Harnell meraih tubuh Xena membawa tubuh yang bergetar itu kedalam pelukan hangat miliknya. "Tenanglah semua akan baik-baik saja."
Empat tahun bekerja ditempat yang sama, empat tahun juga selalu bersama. Hampir satu tahun ini mereka menjalin hubungan sebagai sepasang kekasih. Xena mencintai prianya itu, namun ia tidak yakin apakah Harnell memiliki rasa yang sama untuknya.
Harnell pria yang baik dan perhatian, namun yang Xena lihat hal itu hanyalah bentuk kewajiban yang harus Harnell lakukan.
Xena belum pernah melihat pancaran cinta itu dari mata berbola hitam legam milik sang pria.
Semua terasa abu-abu, ia tak mengerti bagaimana perasaan Harnell yang sesungguhnya. Pria tampan tersebut terlalu sulit untuk ditebak, bahkan Xena menjadi bimbang jika Harnell adalah sosok makhluk yang ia incar.
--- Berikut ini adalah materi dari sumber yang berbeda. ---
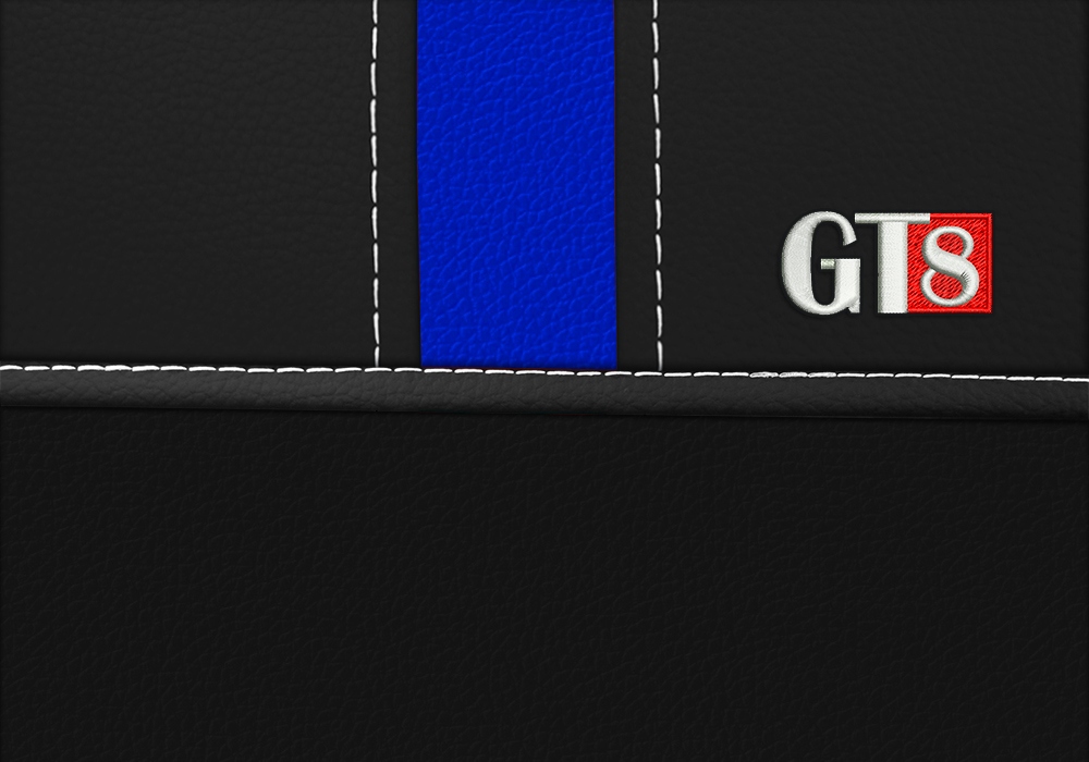 Pokrowce serii GT8 zostały uszyte w częściach przednich z wysokiej jakości ekoskóry oraz alkantary (syntetycznej odmiany zamszu) w pasach środkowych (w kolorze czarnym). Materiały są dodatkowo laminowane i podszyte pianką. Dzianina poliestrowa w kolorze czarnym została użyta do pleców, boków oraz zagłówków. Użyta ekoskóra i miękka alkantara są materiałami mocnymi, odpornymi na ścieranie i uszkodzenia mechaniczne, przez co pokrowce są bardzo łatwe w utrzymaniu czystości. W przednich częściach pokrowców przygotowano haft GT8, a poszczególne elementy połączono grubym, podwójnym szyciem. Materiał nie farbuje, nie powoduje alergii. Plecy pokrowców przednich foteli są pełne, standardowo zastosowano szew airbag. Polski produkt firmy z ponad 20 letnim doświadczeniem - firma Pokter
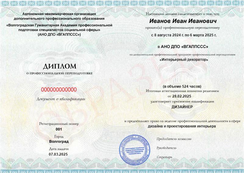 Обучение по такой программе – способ освоить новую профессию на основе ранее полученного образования. В дипломе выпускника указывается его ФИО, наименование учебной организации, название и длительность программы. Документ заверяется подписью руководителя и печатью АНО ДПО «ВГАППССС».
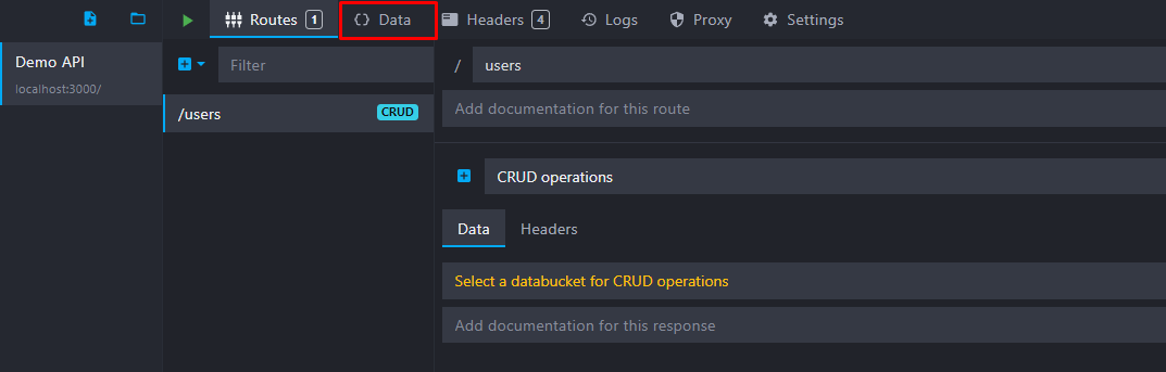 You may have noticed that the CRUD route is not linked to a data bucket yet, hence the "Select a data bucket for CRUD operations" message in the route response:
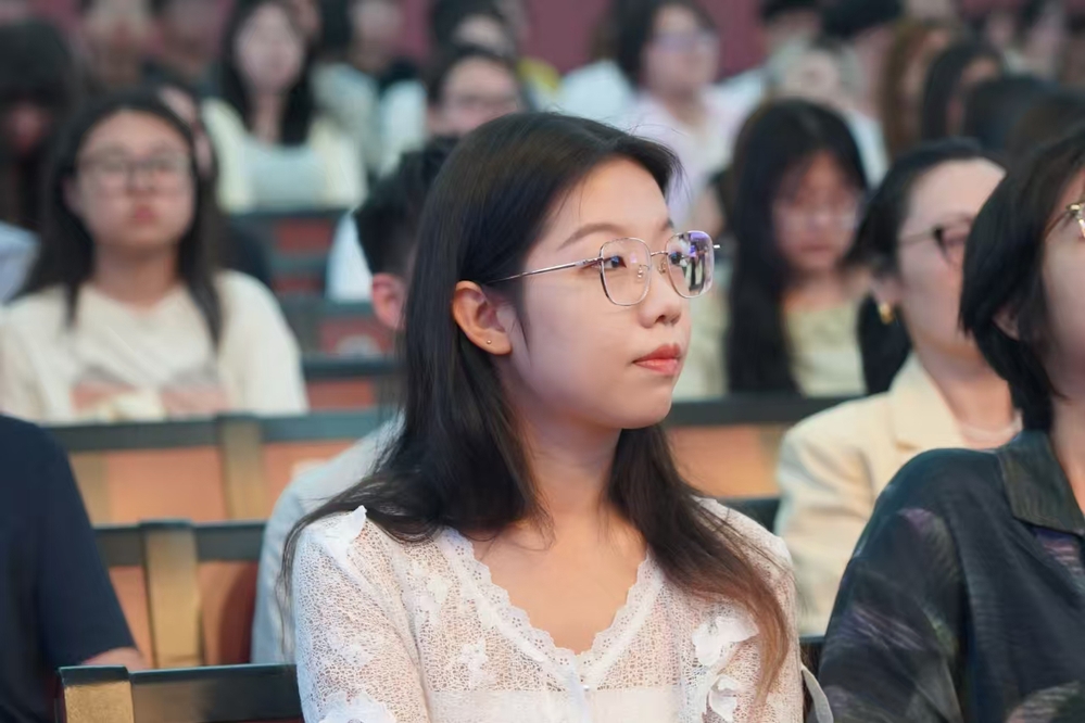 随后,陈琳院长围绕学院发展核心展开介绍,她全面阐述了学院的教育理念、教学及科研活动的多样化,特别是与意大利库内奥美术学院的中外合作项目。并重点提及与意大利库内奥美术学院的中外合作项目,为新生勾勒出国际化的学习视野。陈琳院长强调,学院始终将培养学生的独立思考能力与跨学科素养置于核心位置,当前正积极推进 AIGC 技术应用与 AI 赋能教学改革,通过实践活动、项目化学习等方式强化学生实践能力;同时,学院已启动全方位 AI 转型,覆盖学科基础课与专业核心课,助力学生适配新时代艺术设计领域的发展需求。此外,她还分享了学院在科研创新、社会服务领域的成果,介绍了特色文化活动与优秀学生作品,着重指出校企合作与产教融合对提升学生就业竞争力的重要意义,鼓励新生积极参与各类赛事与实践,在实践中锤炼专业能力。

Harnell terlalu manusia untuk ukuran keturunan manusia-penyihir.
Seperti dongeng klasik, ia mendapat kutukan dari negerinya hingga dibuang ke bumi manusia. Jika ingin kembali, ia harus menemukan manusia setengah penyihir yang mencintainya dan mau menikah dengannya.
Layaknya vampire yang dapat hidup berdampingan dengan manusia ataupun alien yang berwujud manusia tampan, begitulah Roxena Laphonsa. Ia bukan bagian dari vampire ataupun alien, gadis dalam pelukan Harnell itu adalah seorang penyihir.
Tidak, ia tidak sedang menyamar. Xena memang terlahir seperti itu. Si penyihir cantik. Sayangnya Harnell tidak tau jika saat ini si cantik yang ada dalam dekapannya adalah seorang penyihir.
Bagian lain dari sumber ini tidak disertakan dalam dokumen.